These three settings allow you to avoid the excessive shard swapping that can
occur on cluster restarts. It can literally make recovery take seconds instead
of hours.
NOTE: These settings can only be set in the `config/elasticsearch.yml` file or on
the command line (they are not dynamically updatable) and they are only relevant
during a full cluster restart.
==== Prefer Unicast over Multicast
Elasticsearch is configured to use multicast discovery out of the box. Multicast((("configuration changes, important", "preferring unicast over multicast")))((("unicast, preferring over multicast")))((("multicast versus unicast")))
works by sending UDP pings across your local network to discover nodes. Other
Elasticsearch nodes will receive these pings and respond. A cluster is formed
shortly after.
Multicast is excellent for development, since you don't need to do anything. Turn
a few nodes on, and they automatically find each other and form a cluster.

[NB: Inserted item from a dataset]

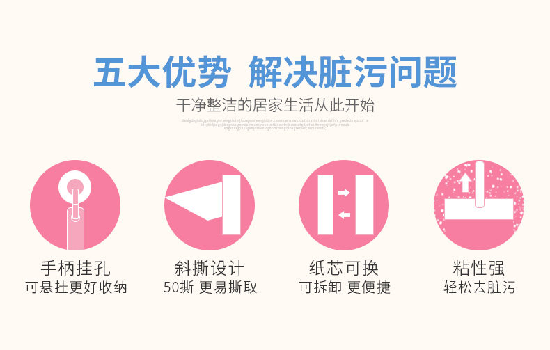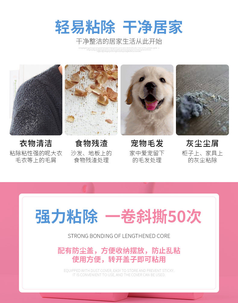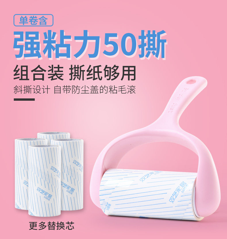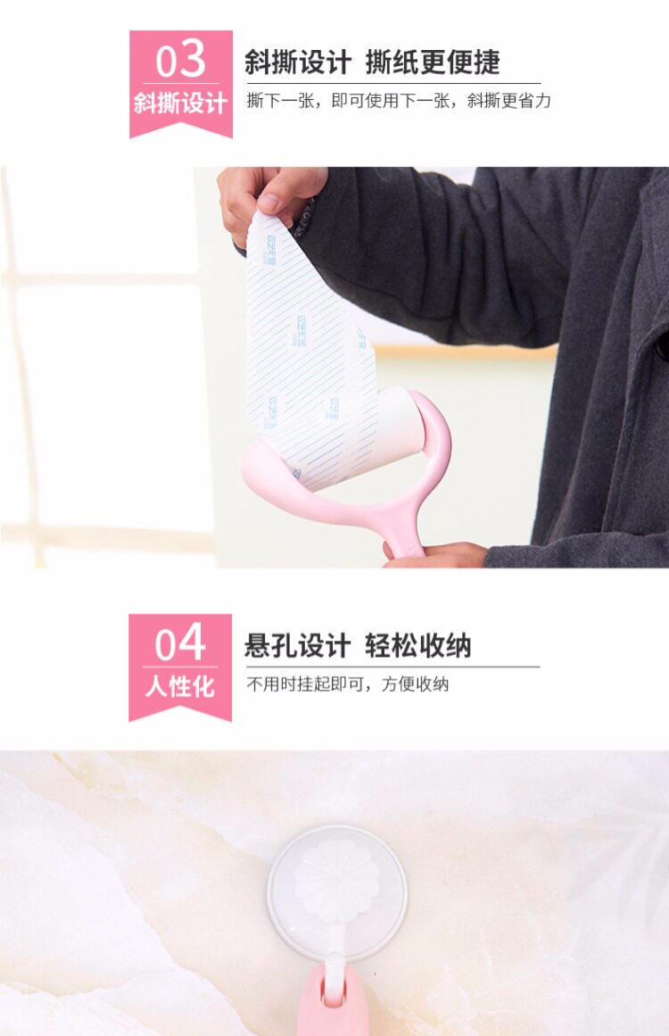 【超值1手柄+3卷纸芯】可撕式滚刷粘毛器,粘力强劲,易撕取,居家粘毛滚,烦恼一“杆”净,轻松粘毛,不伤衣物,您居家的好帮手~

This ease of use is the exact reason you should disable it in production. The
last thing you want is for nodes to accidentally join your production network, simply
because they received an errant multicast ping. There is nothing wrong with
multicast _per se_. Multicast simply leads to silly problems, and can be a bit
more fragile (for example, a network engineer fiddles with the network without telling
you--and all of a sudden nodes can't find each other anymore).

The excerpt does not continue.